CUDA 3.2 Driver BROKE ? Oops....

Hi There!

I fear the worst – the CUDA 3.2 driver is “broke”. Platform: Linux, 32-bit, Ubuntu 9.04,

I am running a complex genetic algorithm on CUDA. We finished the project long time back - CUDA 2.3 times…

So, today I just re-compiled it on CUDA 3.2 installation and found that it does not return correct results anymore.
All results were zeroes… OMG! Unbelievable…
The same code ran rock solid during CUDA 2.3

So, Keeping the driver at 260.19 (the one that comes with CUDA 3.2 Linux 32-bit), I just changed the toolkit to CUDA 2.3.
No Change! The problem was persistent.

So, I downgraded the system to 190.53 driver (the one that comes with Linux CUDA 2.3) and then everything works!!

I think this problem could be related to what was posted in http://forums.nvidia.com/index.php?showtopic=186015

Is NVIDIA aware of this problem?
It would be difficult for me to get a bug-report on this. One because, genetic algorithms are very complex to control and debug. Other because, my bandwidth is limited. It would require hours together to produce a repro case,

Any help guys?,

Thanks,
Best Regards,
Sarnath

Hi There!

I fear the worst – the CUDA 3.2 driver is “broke”. Platform: Linux, 32-bit, Ubuntu 9.04,

I am running a complex genetic algorithm on CUDA. We finished the project long time back - CUDA 2.3 times…

So, today I just re-compiled it on CUDA 3.2 installation and found that it does not return correct results anymore.
All results were zeroes… OMG! Unbelievable…
The same code ran rock solid during CUDA 2.3

So, Keeping the driver at 260.19 (the one that comes with CUDA 3.2 Linux 32-bit), I just changed the toolkit to CUDA 2.3.
No Change! The problem was persistent.

So, I downgraded the system to 190.53 driver (the one that comes with Linux CUDA 2.3) and then everything works!!

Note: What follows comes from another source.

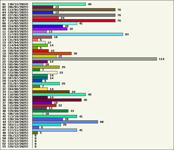 | Logiciel | Semaine 48 | Mois 11 | Année 2025 | Total | | Anti Yeux rouges | 0 | 4 | 54 | 134323 | | AutoMail | 0 | 17 | 79 | 1815 | | Autorun | 0 | 2 | 37 | 2740 | | AxelCodBar (Codes barres) | 1 | 10 | 235 | 17550 | | AxelFTP | 0 | 4 | 43 | 1816 | | AxelTime | 0 | 13 | 79 | 6786 | | AxelWebCam | 0 | 0 | 3 | 8248 | | Boulier | 0 | 1 | 42 | 1589 | | Castet | 0 | 2 | 35 | 1100 | | Chiffres | 0 | 4 | 41 | 1868 | | Compteur Internet | 0 | 5 | 63 | 2319 | | Crédits | 0 | 4 | 38 | 2003 | | Espérance de vie | 2 | 7 | 59 | 3554 | | File Renamor | 0 | 7 | 43 | 1971 | | FindReplaceInFiles | 0 | 1 | 36 | 1137 | | Matricielle | 0 | 3 | 45 | 4564 | | Mosaic Maker | 0 | 3 | 35 | 3049 | | MultiClip | 0 | 1 | 36 | 2111 | | MultiMail | 0 | 4 | 40 | 1078 | | MultiZip | 0 | 2 | 38 | 1564 | | MusicStart | 0 | 9 | 44 | 920 | | RepPrinter | 1 | 6 | 61 | 4107 | | Synchronizor | 0 | 6 | 51 | 3929 | | Winetik | 0 | 0 | 0 | 1008 | | Winfish | 0 | 0 | 0 | 673 | | Wintab | 0 | 0 | 24 | 3787 | | WorPad Axel | 0 | 2 | 39 | 148 | | Yaskifo! analysor | 0 | 0 | 0 | 90 | | Total | 4 | 117 | 1300 | 215847 |

I think this problem could be related to what was posted in The Official NVIDIA Forums | NVIDIA

Is NVIDIA aware of this problem?
It would be difficult for me to get a bug-report on this. One because, genetic algorithms are very complex to control and debug. Other because, my bandwidth is limited. It would require hours together to produce a repro case,

Any help guys?,

Thanks,
Best Regards,
Sarnath

That driver version most certainly isn’t broken. I have it in production with both the CUDA 2.3 and 3.2 toolkits on our cluster on a mixture of GT200 and GF100 cards and it works perfectly, including “legacy” code written in the pre-Fermi, pre-3.0 toolkit era.

Are you sure it isn’t just execution parameters? Could it be that by recompiling with the newer toolkit and compiler, the kernel register consumption has changed and kernels are no longer launching?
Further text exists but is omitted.